Marie Driscoll, head of consumer discretionary retail at S&P Equity Research, admitted that while various aspects of the labor market have continued to stay extremely poor, the 2011-year could be slightly positive for retail sales. Driscoll, along with other S&P analysts, presented a rundown of 10 trends for retailers in 2011 keeping in mind the current employment situation. Here’s a recap of the trends and whether or not these trends were on track.
1. International growth: Retailers such as Abercrombie & Fitch, Polo Ralph Lauren and Tiffany planned to increasingly focus on international growth with many retailers closing domestic stores to take advantage of emerging markets.
Driscoll and S&P were spot on with this prediction. Abercrombie & Fitch and Tiffany both sought international expansion in emerging markets this year. Tiffany’s international sales were even set to exceed sales of its U.S. stores. The retailer now operates 31 stores in Europe. More so, Gap is an even better example to demonstrate this trend.

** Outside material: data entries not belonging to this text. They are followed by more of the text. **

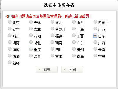 2、點擊右下角,找回備案密碼,選擇你所在地區(qū),這里我舉例的是我們山東省境內(nèi)的網(wǎng)站備案密碼找回:
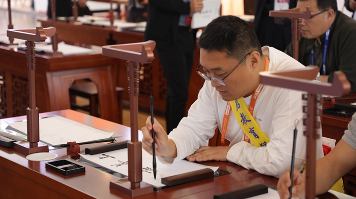 教育部關心下一代工作委員會常務副主任王富現場背誦《蘭亭序》全文,觀眾云集,掌聲雷動,將展會氛圍推向高潮。
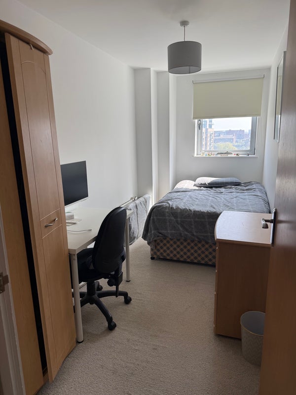 Spacious Room with a 2Door closet and a full chest of drawer along with a work desk and high speed internet available.
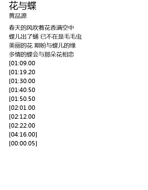 | [00:48.00] | 美丽的花 期盼与蝶儿的缘 |
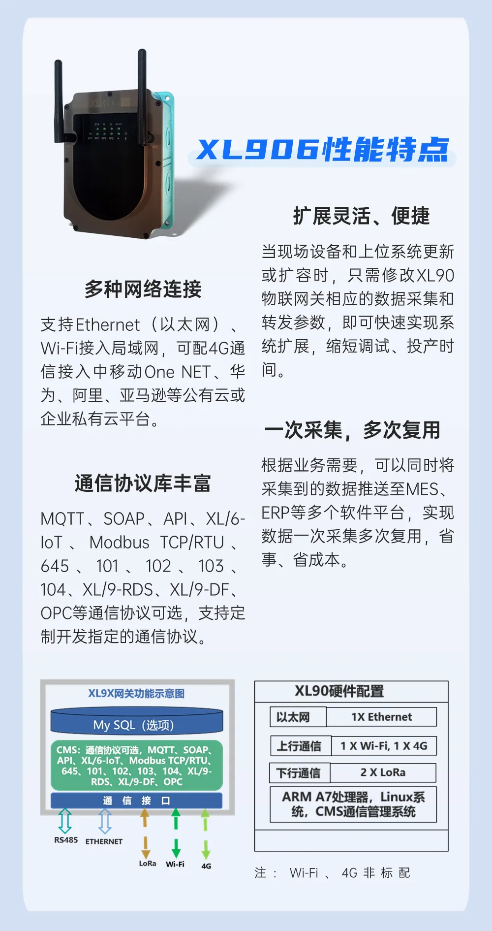XL906物聯(lián)網(wǎng)關(guān)是信立工業(yè)物聯(lián)網(wǎng)(XloT)的核心,是節(jié)點(diǎn)和平臺(tái)之間的通訊樞紐和橋梁,啟動(dòng)、管理通信網(wǎng)絡(luò),協(xié)調(diào)節(jié)點(diǎn)通信,實(shí)現(xiàn)通信數(shù)據(jù)管理、協(xié)議轉(zhuǎn)換,向多平臺(tái)轉(zhuǎn)發(fā)數(shù)據(jù),構(gòu)建更穩(wěn)定、更可靠、更安全的無(wú)線通信網(wǎng)絡(luò)。
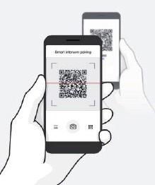 (Meni za pametno seznanjanje interkoma). - Skenirajte kodo QR, ki je prikazana na mobilnem telefonu vašega prijatelja (B).
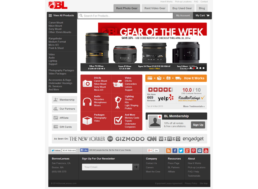 BorrowLenses breaks its rental library down two main lines—photo gear and video gear—and also features a used gear shop and a blog. Photo equipment for all major camera systems, both SLR and mirrorless, is available, as are a few fixed-lens compact cameras. Lenses and cameras are classified by mount, but organization could be improved. It’s easy enough to find rental options for Nikon and Canon lenses and cameras—they have direct links and there are filters up top to select lenses (wide angle, standard, telephoto, macro and tilt-shift, and a few others), bodies, flashes, and other accessories.
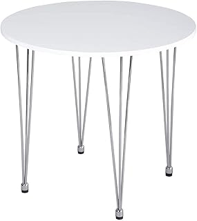 MEUBLE COSY Table de Salle à Manger Table Basse Ronde Simple et Moderne avec Pieds en métal chromé, Blanc Table salle à manger, /80X80X73cm

The retailer recently planned to close approximately 200 domestic stores in the U.S. to focus on global growth and expects China to become a billion-dollar business in three to four years.
Retailers are more aggressive than ever about global supply chain expansion as they don’t want to rely solely on U.S. revenue stream. Expanding stores to new markets means retailers need a supply chain that responds to customer needs and that is efficient at distributing product on a global scale; an international presence means understanding more than IT, it’s about everything retail.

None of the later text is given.